In February I touched on my journey into proving my line back to an ancestor, Stephen Hopkins, who was a passenger on the Mayflower. I’m continuing the research to obtain as many official registration records as possible. Where I can’t get those official records, I’ve ventured into secondary records such as censuses, church registers, published family histories, and old newspapers. I’ve also joined several genealogical societies and Facebook Genealogical groups from different areas.
I am so close, and yet so far, from my application being
accepted.
I can prove with official records that I am descended from William
Wood and Hannah J. Dodge (whom we believe was ‘taken in’ and adopted by a
Thompson family at a young age). That
section of my tree looks like this:
With research, we start with what we know and work our way back, which is how I followed the records to this relationship. Early on, I thought my 4th great grandfather’s name was John because that is the name given on the death record for William. My research expanded to look for records of any kind because government registration was not in place in 1834 for births. I was unable to find anything that linked William Wood as the son of John Wood. I did however piece together census information starting in 1851 for William Wood as the father of William and this William’s father’s name was John Wood. I looked at John Wood being the grandfather, not the father of William the younger and started finding connections that supported this theory.
More often than we might think, historical records can hold incorrect information and I believe that the name John was not correct. I believe this because 1) I could not find a household with John as the head who had a son named William; 2) I could find several records that showed a William Wood and son William Wood; 3) William juniors’ son Gilbert reported the death. Gilbert was a young boy when William senior died and he may not have known or remembered his grandfather’s first name; 4) I can find more substantiation for the relationship of William and William, and none for John and William as father and son.
One of the records sources I found William on are the Canadian Census records from 1851 through the 1911 census, the last before he died.
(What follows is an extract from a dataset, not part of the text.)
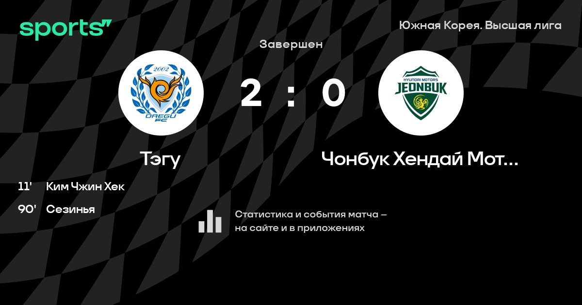 Тэгу – Чонбук Хендай Моторс: Чонбук Хендай Моторс не проигрывает в 6 последних матчах против этого соперника

When reviewing the 1851 Census I found Wm Wood listed twice
on the same page and I believe it is a record of the same person. Families of the time often lived near or on
the same property and the first record shows the household of David Wood and
his wife Magdalene, their son and Wm Wood listed as a Labourer and not a member
of the household family. (See the image below). David is Williams older brother and I believe
William was residing with or helping around the farm. He might possibly have been there when the
census was taken so he was included. After
all, it was the first census, and they were enumerating everyone in the household.
On the same page of the census, lines 26 to 31, is the household of Wm Wood, aged 64, widow and his children – Jane, Ebenezer & Hannah along with a boy named Gregory Whitelock, Wm Wood jun, age 19 also a labourer, and Margaritte Babcock. They are listed as family members.
On the 1861 Census I find William Wood senior living with William & Hannah and their children William, Eliza Jane, and
George C.
On this same page are William’s brother Ebenezer’s family
and other family surnames I recognize as familiar to our family: Boomhower,
Woodcock, Thompson, and Peterson.
By the 1871 census, William senior is now living with David
and Magdalene’s family (the same family listed on the 1851 census). This record is only a few pages after William
juniors’ family listing in the census, again supporting the theory they are
related and living nearby one another.
These census records analyzed together with other records I’ve
found make me confident that William’s father was William Wood, born in the
United States who married Mary Woodcock of Lennox & Addington in September
1819. The roadblock? Mary died before
the 1851 census was taken and birth registrations were not in place. I am struggling to find an acceptable record that
says she was the mother of William but I’m not giving up!